# Yu-Shoku V-toku2 prelaminated steel



## milkbaby (Jul 17, 2019)

I just saw that BladeGallery has a bunch of this Yu-Shoku V-Toku2 in stock now. It's basically mokume cladding (copper, brass, stainless) cladding over V-Toku2 core. They recommend not forging it to avoid delamination, so I originally thought the mokume was already "pre-forged" to give it patterns when the knife is ground, but I see Hinoura and Saji seem to be making with this material like this:







And it definitely looks like it's a multilayer mokume cladding and is forged? So then I'm wondering how do you cut a billet of this and forge it without melting out all your copper and brass? Is there a simple way to cut the billet and weld the edges shut? I'm guessing forging is only for producing the suminigashi pattern in the laminate?

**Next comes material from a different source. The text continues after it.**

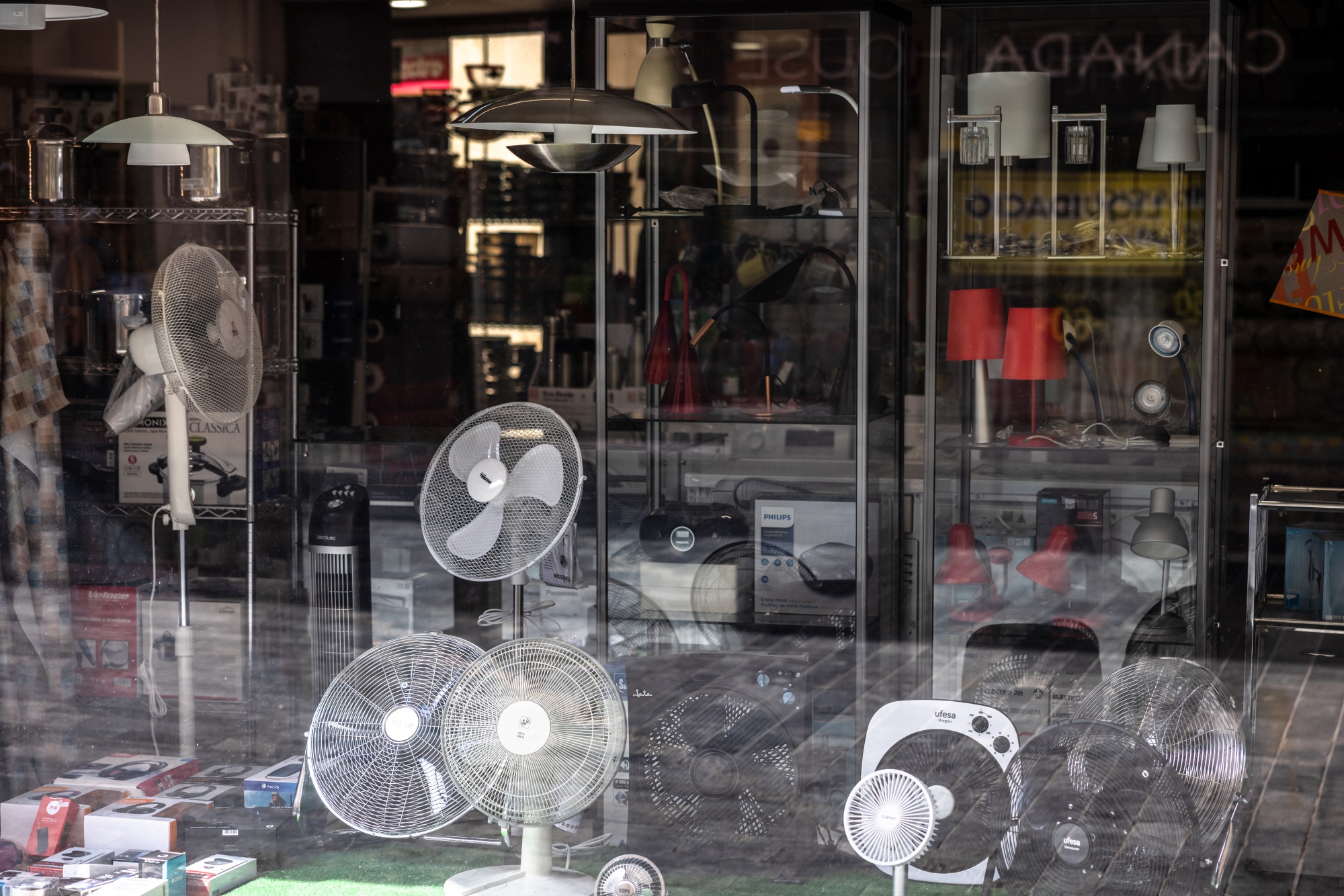 在西班牙吉罗纳的拉比斯瓦尔德埃姆普尔达,高温天气下商店橱窗里的电风扇。

Edited to add: The BladeGallery listing: https://www.bladegallery.com/shopexd.asp?id=99508
They actually say "We recommend not upset forging this material as this can cause delamination." I don't get it...


----------



## chefcomesback (Jul 18, 2019)

You can forge it , if you go too hot brass or copper will melt depending on your temperatures . Electro etching your makers mark won’t work since it will be most likely touching parts of the copper or brass , had to do stamp


----------



## milkbaby (Jul 18, 2019)

chefcomesback said:


> You can forge it , if you go too hot brass or copper will melt depending on your temperatures . Electro etching your makers mark won’t work since it will be most likely touching parts of the copper or brass , had to do stamp



That is very beautiful as always, Mert! 

Sooo I would only want to heat enough for forge down the cladding and not move the core or am I mistaken? The info on the site seems to be for V-Toku2 saying don't forge below 1000C but it seems that would be high enough to melt the brass and close to melting copper.


----------



## chefcomesback (Jul 18, 2019)

milkbaby said:


> That is very beautiful as always, Mert!
> 
> Sooo I would only want to heat enough for forge down the cladding and not move the core or am I mistaken? The info on the site seems to be for V-Toku2 saying don't forge below 1000C but it seems that would be high enough to melt the brass and close to melting copper.


When you start forging you will be shifting the cladding first since it’s closer to surface but the core as well , especially the flat stock is quite thin to begin with it will only take couple hits to move the core all over . Forging around 800-850c worked for me


----------